The CLARREO breakthrough in decadal climate change observations is to achieve the required levels of accuracy and traceability to SI standards for a set of observations sensitive to a wide range of key decadal change variables. The required accuracy levels are determined so that climate trend signals can be detected against a background of naturally occurring variability. Climate system natural variability therefore determines what level of accuracy is overkill, and what level is critical to obtain.  In this sense the CLARREO mission requirements are considered optimal from a science value perspective.  The accuracy for decadal change traceability to SI standards includes uncertainties associated with instrument calibration, satellite orbit sampling, and analysis methods. Unlike most space missions, the CLARREO requirements are judged not by the instantaneous accuracy of the measurements, but by accuracy in the large time/space scale averages that are key to understanding decadal changes.

The NRC Decadal Survey concluded that the single most critical issue for decadal change observations was their lack of accuracy and low confidence in observing the small but critical climate change signals. CLARREO is the recommended response to this challenge, and builds on the last decade of climate observation advances in the Earth Observing System, advances in on-orbit testing and verification standards, as well as metrological advances at National Institute of Standards and Technology (NIST) and other standards laboratories.

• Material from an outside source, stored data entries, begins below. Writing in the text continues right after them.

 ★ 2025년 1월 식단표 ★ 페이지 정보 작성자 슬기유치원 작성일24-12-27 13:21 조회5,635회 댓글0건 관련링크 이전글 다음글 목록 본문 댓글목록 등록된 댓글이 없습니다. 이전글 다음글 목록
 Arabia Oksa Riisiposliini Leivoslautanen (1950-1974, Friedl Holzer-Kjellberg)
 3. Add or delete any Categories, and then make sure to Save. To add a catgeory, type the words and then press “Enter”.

The presentation will summarize the planned CLARREO observations, science objectives and requirements.  The approach includes a dual strategy to provide climate change benchmarks directly from time/space averaged CLARREO observations including the use of optimal spectral fingerprinting, as well as to serve as a set of reference spectrometers in orbit capable of improving the calibration of other weather and climate sensors. 

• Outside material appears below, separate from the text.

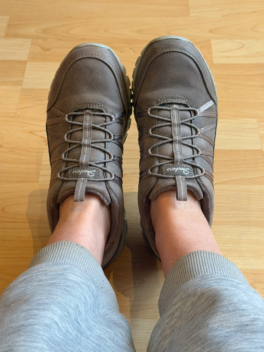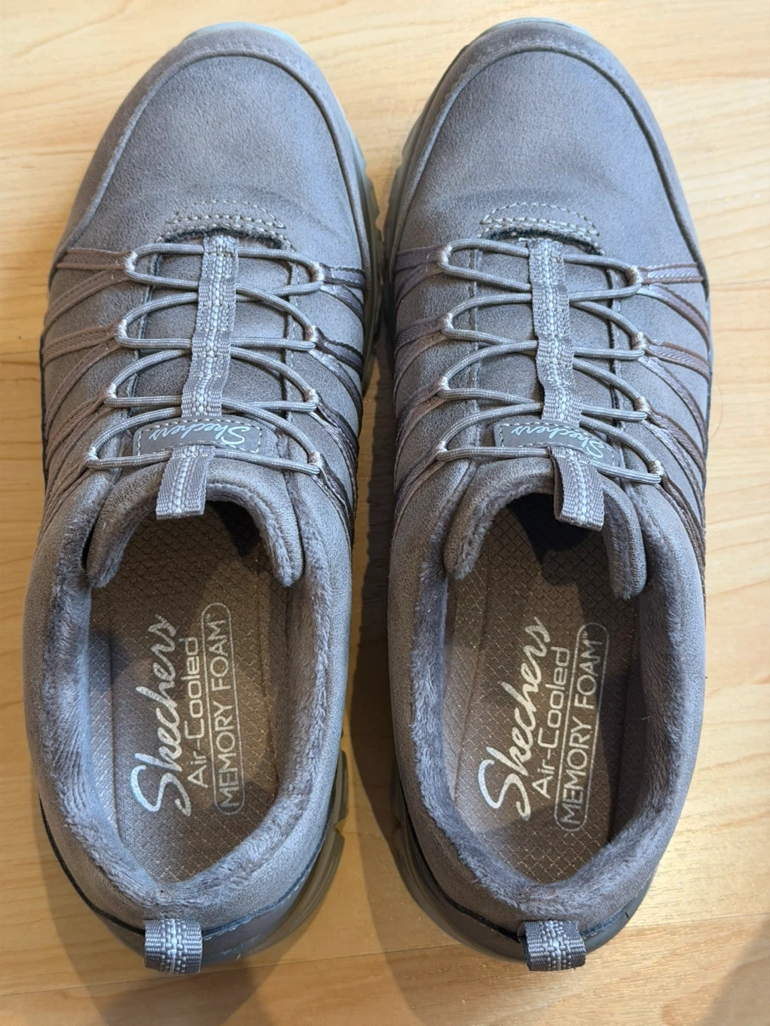 Skechers Hands Free Slip-Ins women's sneakers in taupe. Features Air-Cooled Memory Foam insoles. Textile and man-made upper. These shoes offer convenient slip-on wear. Great for everyday activities!

The CLARREO observations include a nadir viewing infrared interferometer covering the spectral region of 200 to 2000 cm-1, with 1 cm-1 spectral resolution, and radiance accuracy with an expanded uncertainty on orbit of 0.07K (95% confidence bound, or k=2).  Note that "expanded uncertainty" is the NIST recommended term used to quantitatively define measurement uncertainty (see NIST technical note 1297 for details).  A unique feature of the infrared interferometer is the inclusion of on-orbit absolute standards to directly verify performance, rather than depend on assumed stability.  The mission also includes a reflected solar spectrometer, pointed by a two-axis gimbal, covering the spectral region from 320 to 2300 nm, with 4 nm spectral sampling, and nadir reflectance accuracy with a relative expanded uncertainty of 0.3% (95% confidence bound).  The solar spectrometer will be capable of pointing to the moon and sun for calibration, as well as tracking time/angle/space-matched observations when used for Reference Intercalibration of other radiometers such as CERES or VIIRS.   Finally, the observations include radio occultation receivers and antennas to allow use of both the GPS and Galileo Global Navigation Satellite Systems.   

The CLARREO mission is planned for two 90 degree polar orbits to enable global sampling of the nadir infrared and reflected solar spectra, sampling of the complete diurnal cycle every 3 months, and Reference Intercalibration sampling in all climate regimes and orbit conditions from equator to pole.  The orbit sampling has been shown to meet the CLARREO mission accuracy requirements for global and zonal space scales, as well as seasonal and annual time scales.